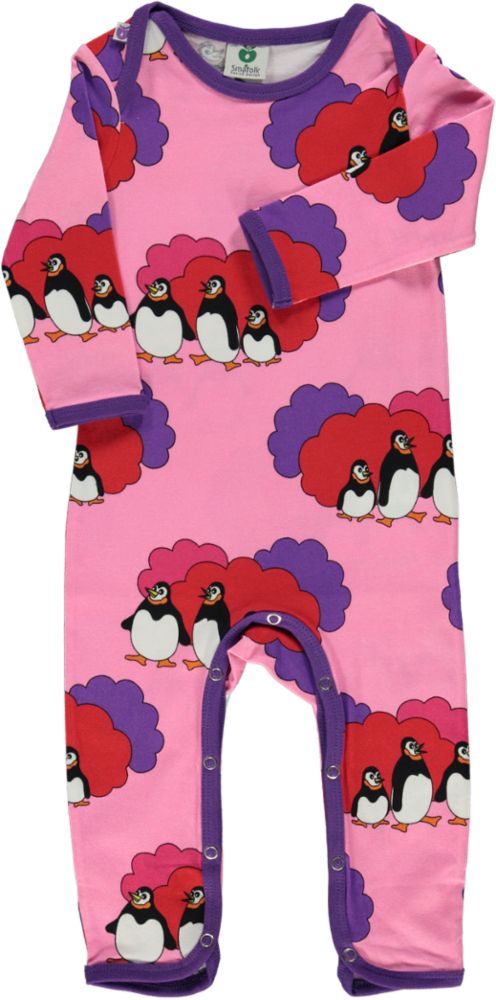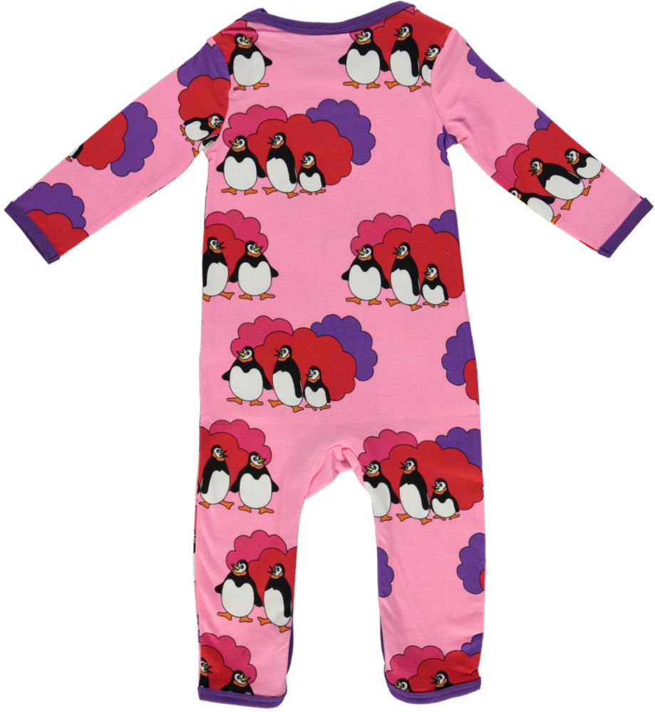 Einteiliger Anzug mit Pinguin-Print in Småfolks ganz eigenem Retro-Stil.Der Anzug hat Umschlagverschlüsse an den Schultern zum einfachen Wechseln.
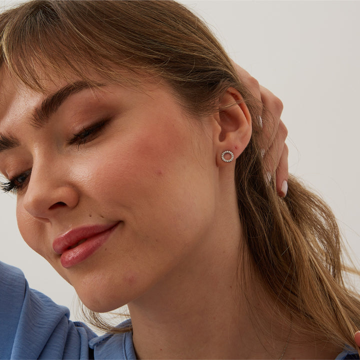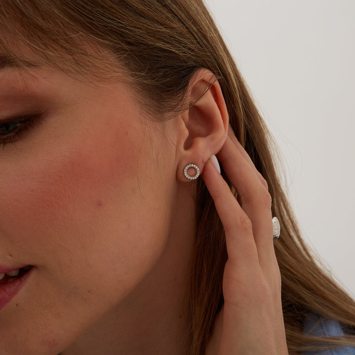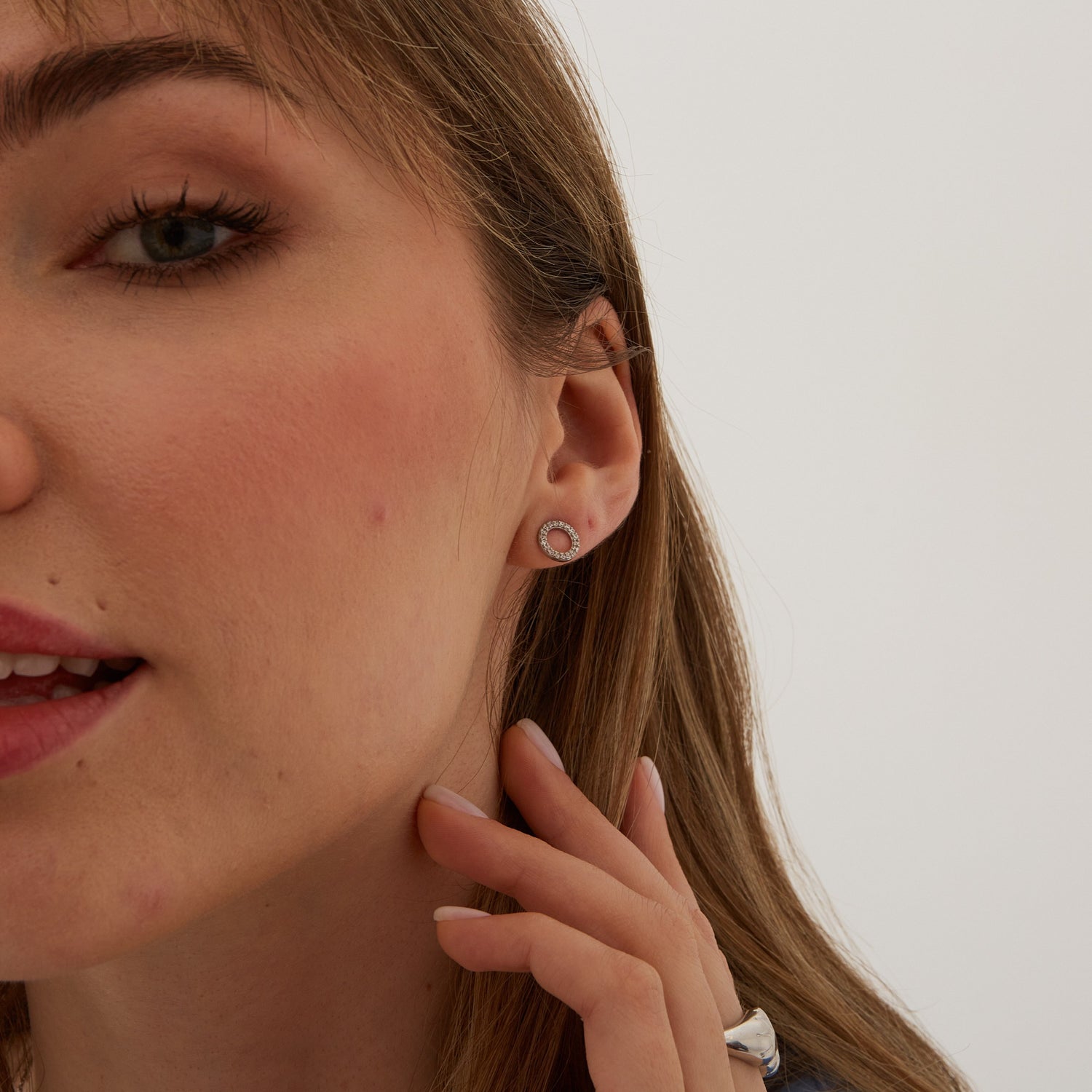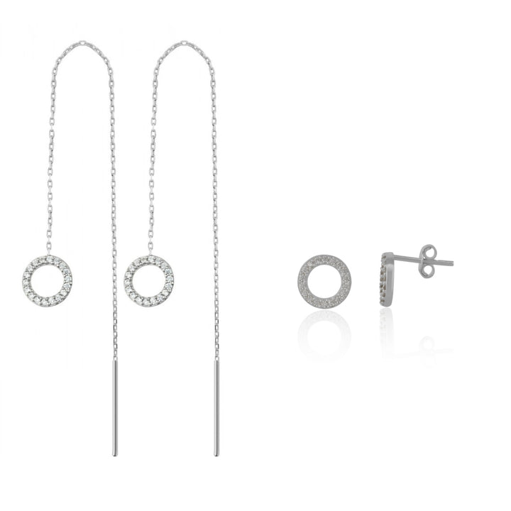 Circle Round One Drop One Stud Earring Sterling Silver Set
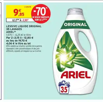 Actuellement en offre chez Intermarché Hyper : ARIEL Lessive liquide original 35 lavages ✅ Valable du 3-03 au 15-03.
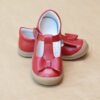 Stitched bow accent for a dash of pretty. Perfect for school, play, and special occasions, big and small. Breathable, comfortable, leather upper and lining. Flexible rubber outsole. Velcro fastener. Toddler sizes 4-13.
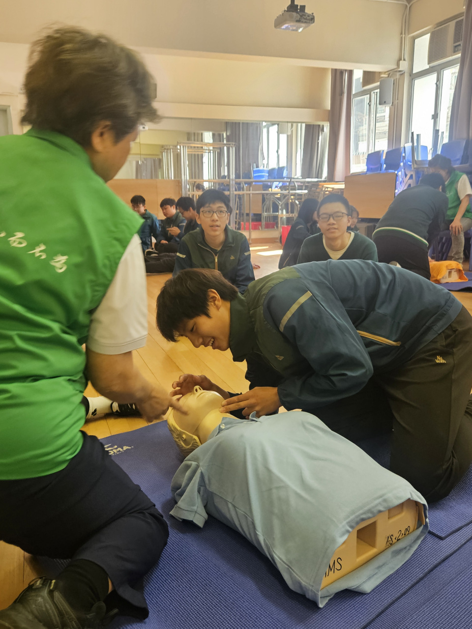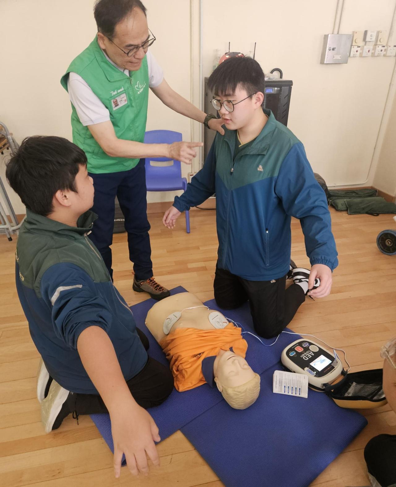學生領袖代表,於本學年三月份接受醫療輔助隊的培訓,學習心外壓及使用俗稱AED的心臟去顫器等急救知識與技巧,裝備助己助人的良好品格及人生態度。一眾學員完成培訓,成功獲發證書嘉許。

What to work on: Print only the lines from the one with "Stitched bow accent" through the last line of the data above, exactly and with both ends, and please omit any pictures.

Your solution:
 Stitched bow accent for a dash of pretty. Perfect for school, play, and special occasions, big and small. Breathable, comfortable, leather upper and lining. Flexible rubber outsole. Velcro fastener. Toddler sizes 4-13.
學生領袖代表,於本學年三月份接受醫療輔助隊的培訓,學習心外壓及使用俗稱AED的心臟去顫器等急救知識與技巧,裝備助己助人的良好品格及人生態度。一眾學員完成培訓,成功獲發證書嘉許。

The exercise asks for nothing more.